Но уже через пару минут все хорошее настроение улетучивается, стоит только взглянуть на испуганную мордашку дочери, вернувшейся из спальни с полными глазами слез.
– Папа, маме плохо!
Глава 22
Я просыпаюсь не от звуков извне, не оттого, что кто-то трясет меня за плечо, и даже не от знакомых голосов рядом, а от жуткого, пробирающего до костей холода. Озноб бьет так, что сводит скулы. Кажется, что в комнате минусовая температура, а стоит открыть рот – пойдет пар.
Я кутаюсь плотнее в тонкое одеяло, но, кажется, становится только хуже. Тело деревенеет, отказывается слушаться. Я накрываюсь с головой, пытаясь понять, что происходит.
Где я?
Кто я?
Что я?
И далее по списку.
Всхлип дочери вспышкой возвращает в реальность, а голос Дениса помогает вспомнить цепочку последних событий. Я все еще нахожусь в пограничном состоянии, гоняя в голове остатки мутного сна, но уже могу внятно соображать.
Шаркающие шаги заставляют вынырнуть из-под одеяла, присесть на кровати, а яркий свет, внезапно загорающийся в комнате, зажмурить глаза.
На лоб опускается широкая мужская ладонь, обжигая нереальным холодом и временно загораживая лампочку.
– Черт, да ты вся горишь! – слышу встревоженный тон Воронцова.
– Пить хочу, – шепчу пересохшими губами. – Во-воды, – буквально стучу зубами от очередной толпы ледяных липких мурашек по телу.
– Сейчас. Где у тебя аптечка? Там есть жаропонижающее? – осведомляется командным тоном.
– Д-детское только. Сироп. На кухне. На самой верхней полке. В подвеске, – бросаю рваными фразами.
Тяжелый воздух не втягивается в легкие и не выталкивается наружу, напряженной пружиной концентрируясь в груди.
Воронцов застывает, оценивая мое состояние. Сканирует несколько секунд взглядом, качает головой и констатирует:
– Это не дело. Надо вызывать скорую. Или врача.
– Не надо, – останавливаю его, сглатывая вязкую слюну и пытаясь унять дрожь. – Это сейчас пройдет.
– Что пройдет, Яна? Ты себя со стороны видела?
– У меня просто поднялась температура, – настаиваю на своем. – Заразилась от Алисы. Это не страшно. Максимум пару дней. Отлежусь, и полегчает.

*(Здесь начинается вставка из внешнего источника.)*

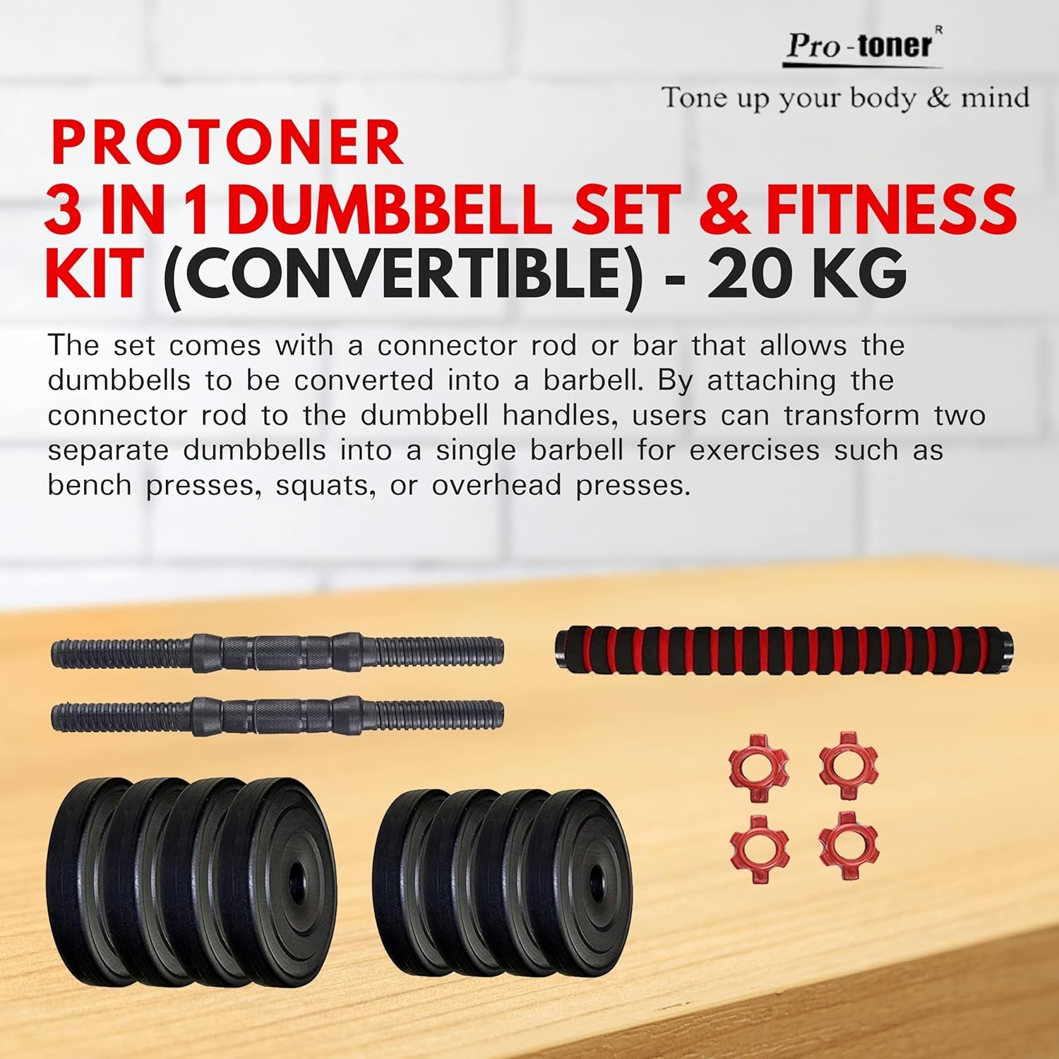 “The body achieves what the mind believes.” Start a workout routine with our Protoner home gym set, specially designed for home use economical,durable and sturdy. DURABLE MATERIAL: Keeping quality in mind, each piece of gym equipment in this kit is made of durable materials to ensure they are long-lasting even after prolonged and vigorous use. ONE FOR ALL:This kit contains gym equipment that can be used both by aspiring beginners or adept professionals. No matter what your fitness level, this kit includes equipment to suit the needs of easy, intermediate and intense workouts. A combination of gym equipment for the perfect workout, Highly durable and long lasting, A perfect muscle builder.

Принеси лучше воды.
– Мамочка, тебе больно? – закусывает губы Алиса, стоящая в стороне.
Она смотрит испуганным взглядом в мою сторону, но подходить боится.
Я редко болею, чтобы вот так: с температурой, головной болью и, судя по времени суток, выпадением из реальности. Поэтому мой внешний вид явно пугает малышку.
Закутавшись в одеяло, я тихонько раскачиваюсь, сидя на кровати. Пытаюсь согреться, хоть и понимаю, что без жаропонижающего это бесполезно.
В памяти обрывками проносится утро, приезд Воронцова, совместный обед, а дальше провал. Я помню, как пришла к Алисе в зал, когда она смотрела мультики, помню, как раскалывалась голова и хотелось спать. Это было еще днем. А сейчас, судя по темноте за окном, уже ночь.
Неужели меня вырубило?
Боже, а как же Алиса?
Она все это время была одна? Или Воронцов остался у нас дома?
Он возвращается с кружкой и тремя пузырьками лекарств.
– Выпей пока это. После решим, что делать дальше, – протягивает мне детский сироп.
В инструкции я нахожу дозировку, дрожащей рукой отмеряю норму и запиваю горячей водой.
На языке растекается горько-клубничный вкус.
– Все хорошо, заяц. Не переживай. Маме скоро станет легче.